◆ **Material provided**
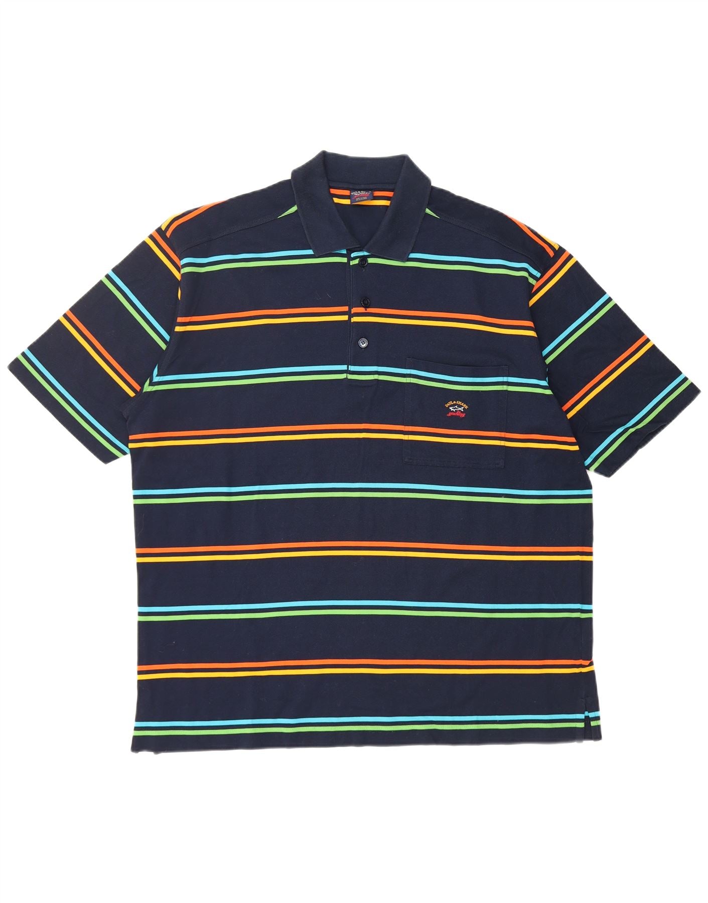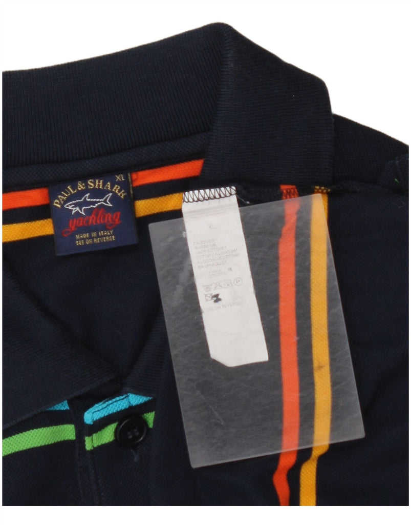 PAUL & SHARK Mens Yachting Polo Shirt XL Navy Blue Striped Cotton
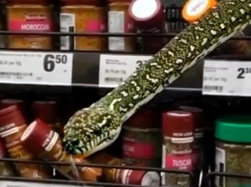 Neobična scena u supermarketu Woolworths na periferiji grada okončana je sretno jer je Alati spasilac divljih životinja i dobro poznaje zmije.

--

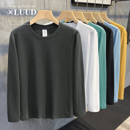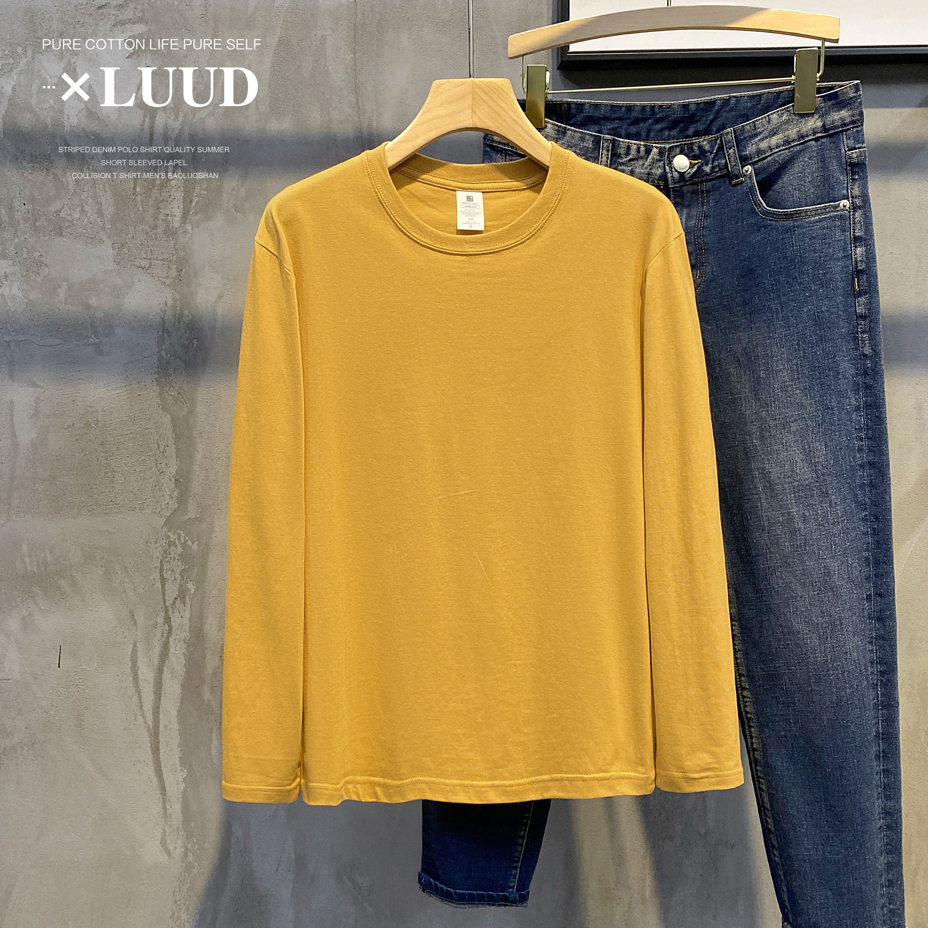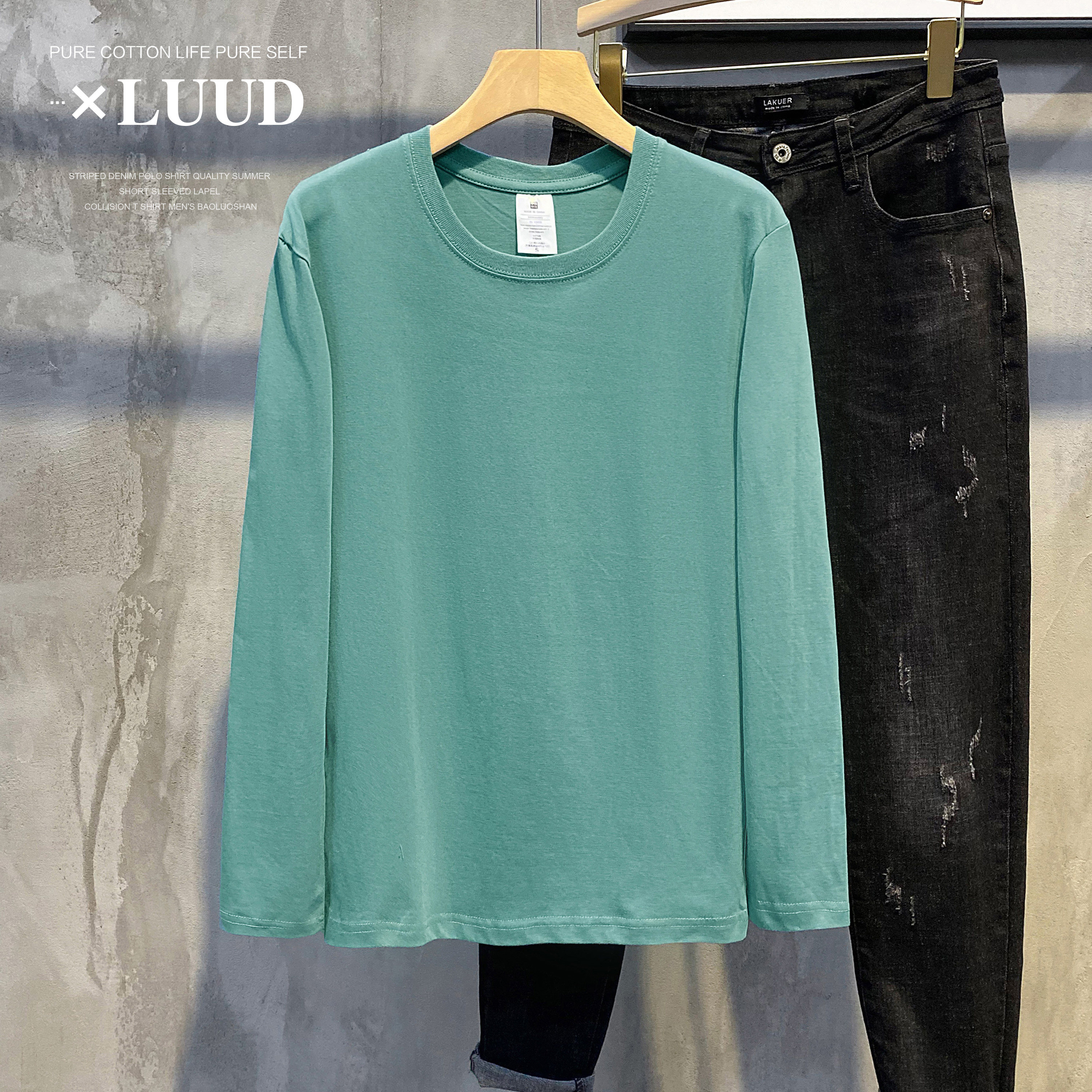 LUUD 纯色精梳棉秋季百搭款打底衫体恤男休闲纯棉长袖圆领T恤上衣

...

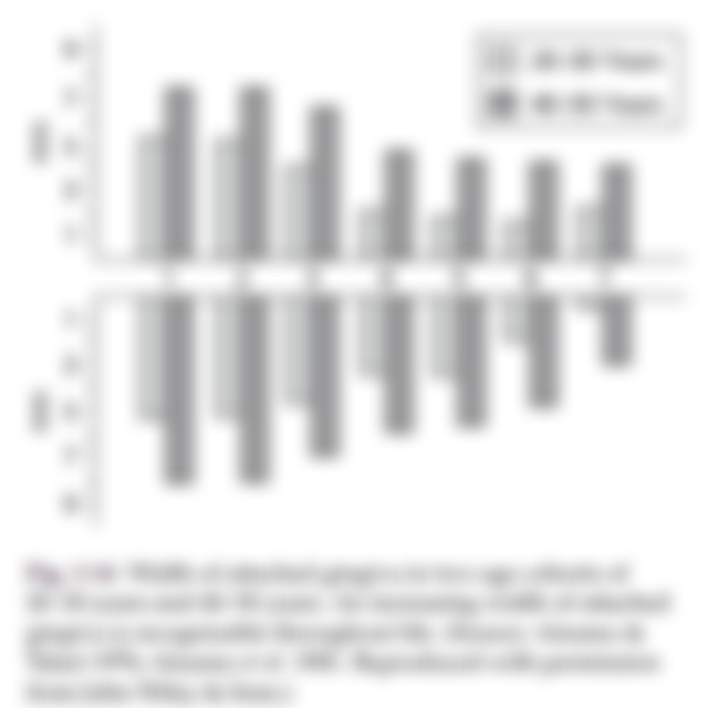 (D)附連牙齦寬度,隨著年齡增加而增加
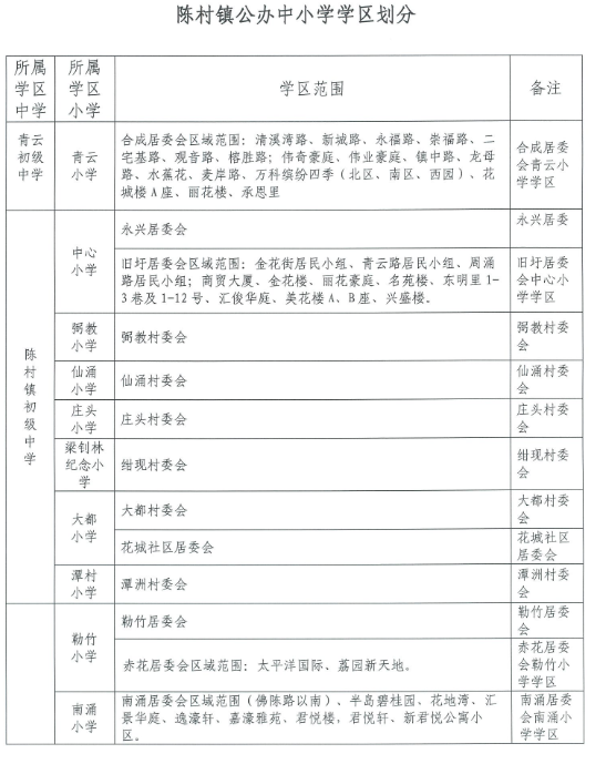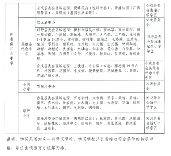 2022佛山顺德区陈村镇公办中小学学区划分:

◆ **About this exercise**
Starting at the line containing "PAUL & SHARK" and stopping at the line containing "Neobična scena u", output each line exactly as it appears above. Leave out the pictures.

◆ **Expected output**
 PAUL & SHARK Mens Yachting Polo Shirt XL Navy Blue Striped Cotton
 Neobična scena u supermarketu Woolworths na periferiji grada okončana je sretno jer je Alati spasilac divljih životinja i dobro poznaje zmije.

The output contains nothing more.